This week, we caught up with Lucas Menanix, who is one third of the team behind OmieBox. The OmieBox is an ingenious lunchbox that features a vacuum-sealed bowl to keep hot foods hot and compartments for everything else. We asked Menanix a few questions about his background, this project, and how he came to work on it.
What's your background, and how did you end up working with Nancy and Robin?
Since I can remember I've always loved building things. After competing in robotics competitions in high school, I studied mechanical engineering at MIT and that's where I fell in love with product design. I became obsessed with how and why the things around us are made. I found myself looking at the products around me and thinking about how they could be made better. Through my classes and internships with Mixer Design Group, I learned how to use the design process to clearly define and execute design solutions. I also got first hand experience with the benefits of relentless prototyping.
I joined OmieLife after meeting Nancy through a former coworker. She was looking for an engineer who could help her and Robin finalize the design and work with the manufactures to get OmieBox into production, and I was looking for a new challenge in a new product industry. We immediately bonded over our love for good food and good design.
What are you like as a team?
Obsessive. Each of us is passionate about different parts of the process, and we pore over every detail of the company. We each have training in three distinct fields (business, design, engineering), so we come at problems from different angles. At the same time, we all understand where the other is coming from so we never truly butt heads but we do have some intense discussions. Then we all go out and demolish a huge meal.
How long did it take to get to the current iteration of Omiebox?
About a year and a half ago Nancy was so frustrated with all the lunch systems she had bought for her preschooler that she decided to make a new one. After she met Robin at a conference a year ago, they immediately began building rough foam core mockups and giving them to parents to figure out what features and sizes worked best. They asked parents what kinds of foods they'd love to send to school with their kids and used all this feedback to refine the product concept. Nancy also spent a ton of time observing kids eating at lunch and discovering all the usability problems with most lunch products.

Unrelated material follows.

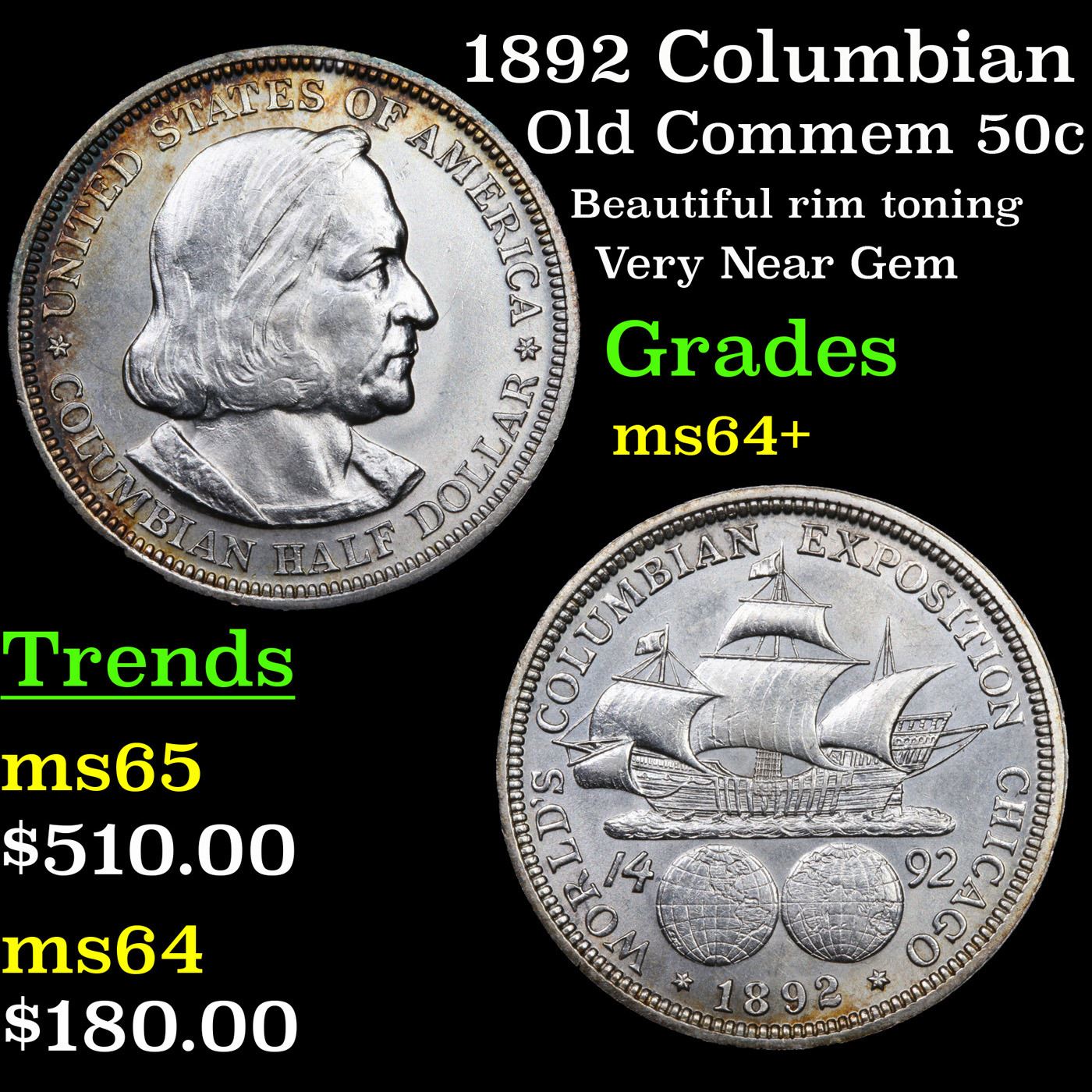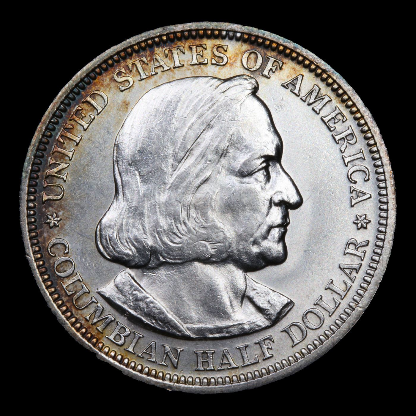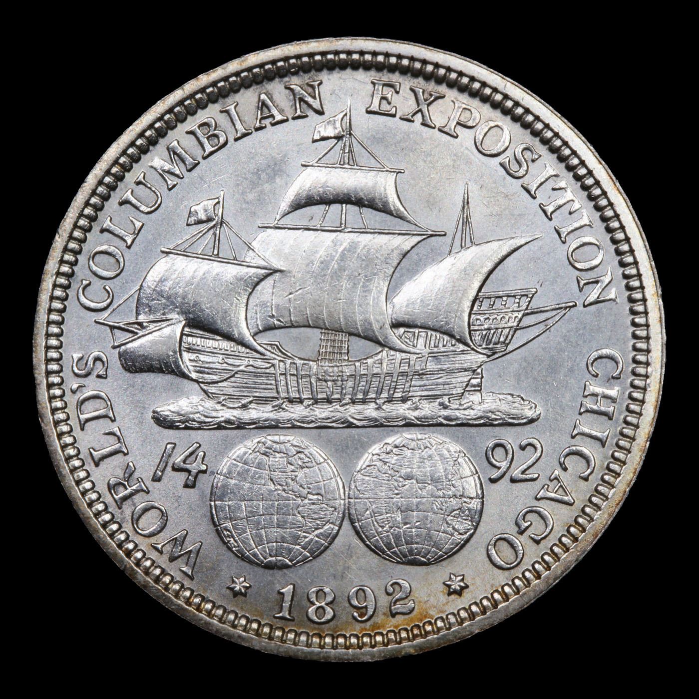 1892 Columbian Old Commem Half Dollar 50c Grades Choice+ Unc. The Columbus Half Dollar along with the Isabella Quarter were Minted in Honor of the 400th Anniversary of Columbus' Voyage to the New World. It was First Distributed at the Worlds Fair Honoring that Voyage. When Examining a Columbian Exposition Half Dollar, the First Points to Show Wear are Columbus’ Eyebrow, Cheek and the Hair Behind his Forehead and Jaw. On the Reverse, Check the Foresail and Sainsail, as well as the Right Side of the Eastern Hemisphere.

When I joined six months ago, all the user research had been distilled into a very clear product concept and we went straight into CAD. About two weeks later, we had a full scale 3D print. It was super rough but super informative. Once we had something in our hands that we could hold, pack lunches in, and show to people, we were able to quickly turn around a design that was much closer to the final product. After another three months of design refinements, working with our manufacturer, and a few more rounds of 3D prints we were able to finalize our design.
Can you describe some of the edits or changes along the way?
Usability is one of the our main focus areas and it wasn't until we had done three completely assembled 3D prints that we realized the securing insert that integrates the vacuum insulated bowl into the box needed to be simultaneously fitted tightly into the box and easy to remove. We first added little bumps that would snap the insert into the box but we quickly discovered that the size of bumps that secured the container also made it impossible to remove. We iterated on the bump concept for a while; moving from four bumps to two, changing the length/shape/position of the bumps, adding a pop out feature to make it easier to remove.
At some point, Robin took a step back, simplified the issue, and realized that all we needed to do was extend the side walls of the insert so there was enough friction between the box to securely fit the container in the box. It was one of those ideas that makes you go, "Why didn't we think of this three months ago?!" Though this was a small detail, it's a good example of our team's relentless pursuit of great design.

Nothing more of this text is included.